*** Opening of Dataset extract ***

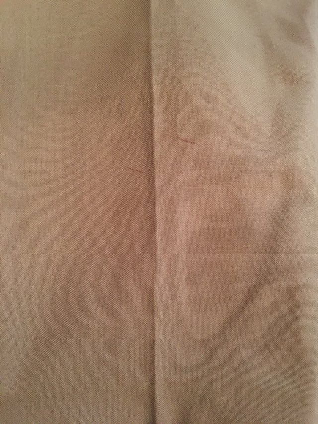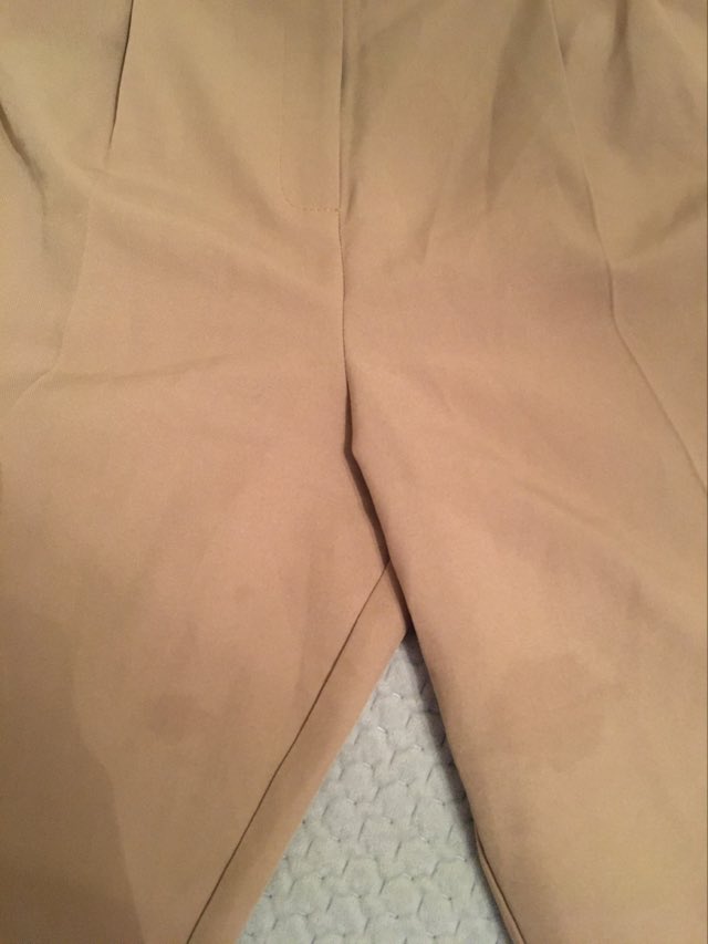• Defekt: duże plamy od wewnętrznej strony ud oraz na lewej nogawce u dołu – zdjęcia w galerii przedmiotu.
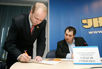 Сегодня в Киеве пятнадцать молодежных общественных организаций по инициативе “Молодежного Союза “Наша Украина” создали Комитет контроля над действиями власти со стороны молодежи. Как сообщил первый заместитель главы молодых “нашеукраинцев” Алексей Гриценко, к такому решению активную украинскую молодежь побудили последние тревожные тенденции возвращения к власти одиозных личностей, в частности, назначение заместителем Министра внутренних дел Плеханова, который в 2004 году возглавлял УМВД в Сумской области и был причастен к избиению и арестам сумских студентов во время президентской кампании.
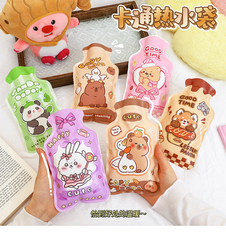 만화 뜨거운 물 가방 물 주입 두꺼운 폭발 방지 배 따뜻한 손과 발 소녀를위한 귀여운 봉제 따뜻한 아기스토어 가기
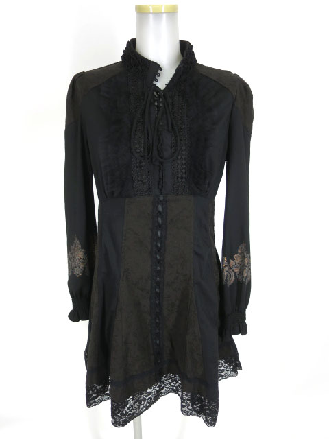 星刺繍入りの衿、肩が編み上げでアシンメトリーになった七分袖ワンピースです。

*** Close of Dataset extract ***

**Activity:**
With the pictures removed, return the listing above in its exact original wording.

**Result of the task:**
• Defekt: duże plamy od wewnętrznej strony ud oraz na lewej nogawce u dołu – zdjęcia w galerii przedmiotu.
 Сегодня в Киеве пятнадцать молодежных общественных организаций по инициативе “Молодежного Союза “Наша Украина” создали Комитет контроля над действиями власти со стороны молодежи. Как сообщил первый заместитель главы молодых “нашеукраинцев” Алексей Гриценко, к такому решению активную украинскую молодежь побудили последние тревожные тенденции возвращения к власти одиозных личностей, в частности, назначение заместителем Министра внутренних дел Плеханова, который в 2004 году возглавлял УМВД в Сумской области и был причастен к избиению и арестам сумских студентов во время президентской кампании.
 만화 뜨거운 물 가방 물 주입 두꺼운 폭발 방지 배 따뜻한 손과 발 소녀를위한 귀여운 봉제 따뜻한 아기스토어 가기
 星刺繍入りの衿、肩が編み上げでアシンメトリーになった七分袖ワンピースです。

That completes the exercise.